I have argued that this is not unlike the 1930s when the United States economy was going through a transition period in which jobs and employment were shifting from rural and agricultural areas to cities and industrial areas. The restructuring that took place accelerated during World War II and did not really calm down until the 1950s and 1960s.

Two reports came out toward the end of last week that support my claim of an economy that is in the process of restructuring. The first was an article by Motoko Rich that appeared in the New York Times on Friday July 2, with the title “Jobs Go Begging as Gap is Exposed in Worker Skills.” (http://www.nytimes.com/2010/07/02/business/economy/02manufacturing.html?_r=1&scp=2&sq=motoko%20rich&st=cse) Rich writes that “Plenty of people are applying for the jobs. The problem, the companies say, is a mismatch between the kind of skilled workers needed and the ranks of the unemployed.” The subheading to the article reads that “Shifts in Manufacturing are Leaving Many as Unemployable.”
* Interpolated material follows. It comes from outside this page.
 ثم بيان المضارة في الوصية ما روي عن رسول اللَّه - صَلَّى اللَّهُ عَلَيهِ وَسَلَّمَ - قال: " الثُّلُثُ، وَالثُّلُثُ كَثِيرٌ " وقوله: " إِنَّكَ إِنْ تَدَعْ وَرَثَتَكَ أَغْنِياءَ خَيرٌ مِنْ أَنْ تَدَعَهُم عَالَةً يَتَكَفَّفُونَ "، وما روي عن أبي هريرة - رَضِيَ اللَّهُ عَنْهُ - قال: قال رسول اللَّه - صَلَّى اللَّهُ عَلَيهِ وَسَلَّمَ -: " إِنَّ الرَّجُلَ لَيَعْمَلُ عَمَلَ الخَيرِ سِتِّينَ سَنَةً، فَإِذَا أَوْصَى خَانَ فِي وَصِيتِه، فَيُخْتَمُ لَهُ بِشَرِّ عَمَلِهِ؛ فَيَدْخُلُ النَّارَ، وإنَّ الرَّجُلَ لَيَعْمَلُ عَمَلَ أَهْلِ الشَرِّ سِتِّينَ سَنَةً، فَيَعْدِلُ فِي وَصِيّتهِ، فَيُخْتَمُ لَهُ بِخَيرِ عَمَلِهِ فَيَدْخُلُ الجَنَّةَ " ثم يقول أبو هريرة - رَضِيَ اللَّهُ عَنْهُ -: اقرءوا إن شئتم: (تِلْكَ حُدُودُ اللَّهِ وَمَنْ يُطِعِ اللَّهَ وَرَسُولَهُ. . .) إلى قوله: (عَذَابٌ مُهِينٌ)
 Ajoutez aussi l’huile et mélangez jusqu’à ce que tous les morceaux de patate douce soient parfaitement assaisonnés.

The second report came from the Labor Department on Friday, July 3. Although the unemployment rate declined in May to 9.5 % from 9.7% in April, this was because the labor force shrank as more people left the labor force than were added to payrolls: the labor force shrunk by 0.3% while the number of individuals employed dropped by only 0.2% (due to the loss in jobs connected with the collection of Census data).
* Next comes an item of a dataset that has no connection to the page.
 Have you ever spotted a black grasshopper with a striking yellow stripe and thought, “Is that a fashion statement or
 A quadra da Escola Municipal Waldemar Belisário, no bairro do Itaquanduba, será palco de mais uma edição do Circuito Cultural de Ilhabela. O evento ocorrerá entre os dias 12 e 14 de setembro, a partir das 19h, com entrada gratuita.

The official statistics report that the “underemployment” rate has been in the 17% range for the past year or so. I estimate that, currently, about one out of every four or five individuals that are in the employable age group are under-employed. The reason is that there is a tremendous mis-match between what employers need to be competitive in the future and the pool of skills and experience that are available in the labor market. Products are being made differently now than they were several years ago and this trend will continue. The current downturn has provided additional justification for manufacturers to make the changes that they need to make.

Why do they need this added justification?
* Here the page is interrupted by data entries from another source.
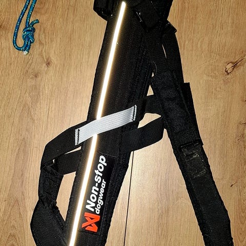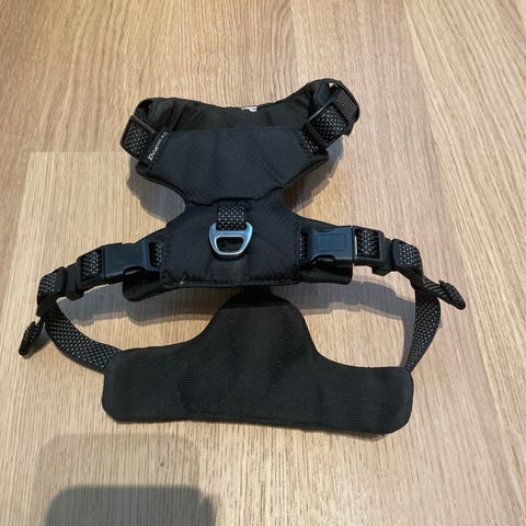 Två fästringar på ryggpartiet. Ställbar runt bröstkorgen.
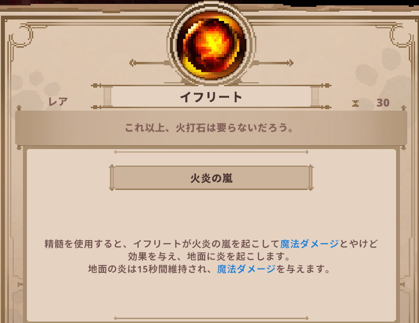 精髄 Skul: The Hero Slayer | イフリートの詳細 精髄 2025.04.19 このページでは、Skul: The Hero Slayerに登場するイフリートの詳細を掲載しています。 イフリートのステータス ▶️精髄一覧 に戻る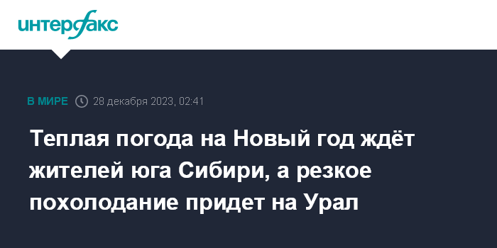 Теплая погода на Новый год ждёт жителей юга Сибири, а резкое похолодание придет на Урал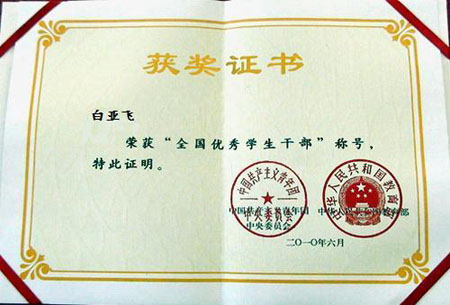Beat365官网白亚飞同学获得“全国优秀学生干部”荣誉称号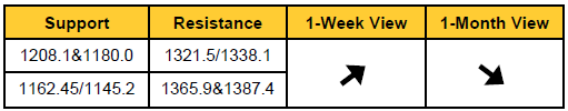 Interim low was made at 1180.04; is still expected to bounce back to the 1301.12/1321.50 zone.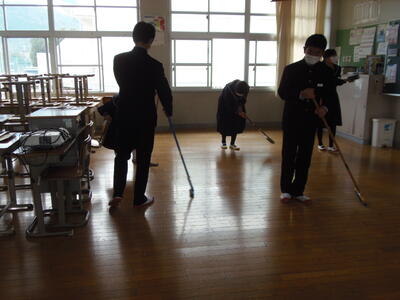中学3年生は、公立後期選抜と特別支援高等学校の入試を受けない生徒が、一年間使った教室の清掃をしていました。受検している友だちのことも気にかけながら、教室などを隅々まできれいにしていました。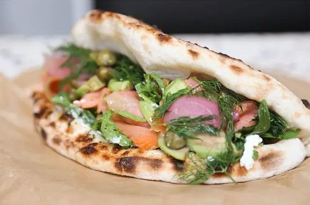 Somon Gravlax, guacamole, kırmızı soğan turşusu, dereotu, labne peyniri, kapari ve roka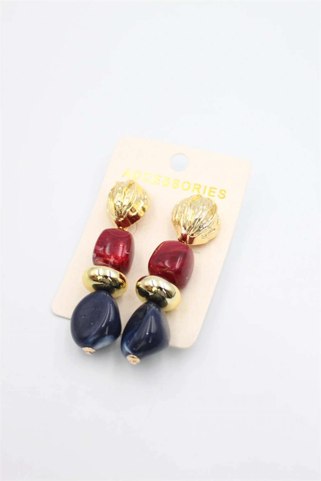 Boncuklu Küpe - Bordo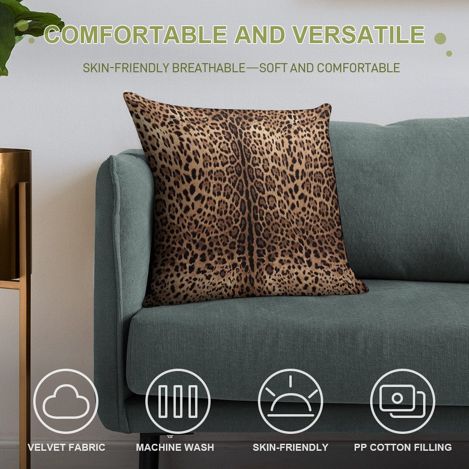 Leopard Print Skin Soft Short Plush Fabric Throw Pillow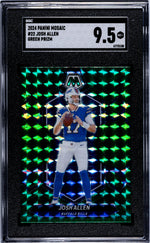 Step into the world of NFL with the captivating 2024 Mosaic #22 Josh Allen Green Prizm card. Manufactured by the esteemed Panini brand, this card exudes a rare charm that will surely enthrall both the ardent and casual collectors. The card features none other than the dynamic Josh Allen of the Buffalo Bills, a player who has left an indelible mark on the field with his phenomenal performance.

Well, over the past 50 years, every time there was a recession (and even in periods when there was not a recession), the federal government provided fiscal stimulus to get people “back-to-work.” Back-to-work, however, meant putting people back into jobs that they were in before the workers were laid off. This is what the government wanted to happen.

However, putting people back to work in “legacy” jobs did not contribute to modernization and improved productivity. It did increase employment and reduce unemployment which is what the federal government wanted to achieve.

Now, businesses can use the excuse of the extreme downturn in the economy to justify the changes in who is hired to meet the reality of changes in training, skill levels, and experience that have occurred. And, this transition will not be completed overnight.

We see the same thing in the use of physical capital in the United States. Since the 1960s, the capacity utilization of manufacturers has declined steadily. As with the increase in the underemployed, the employment of the physical capital in the United States has fallen over time.

In January 1965, American manufacturers were working at 89.4% of capacity. The next peak in manufacturing usage (capacity utilization is very cyclical) came in February 1973 at 88.8% of capacity. The following peaks were: December 1978 at 86.6% of capacity; January 1989 at 85.2% of capacity; December 1997 at 84.7% of capacity; and April 2007 at 81.7% of capacity.

Note that the troughs of the cycles in capacity utilization also fell since the 1960s. In December 1982, manufacturers in the United States worked at 70.9% of capacity and in June 2009, they worked at 68.2%. Currently, manufacturers are working at 74.1% of capacity.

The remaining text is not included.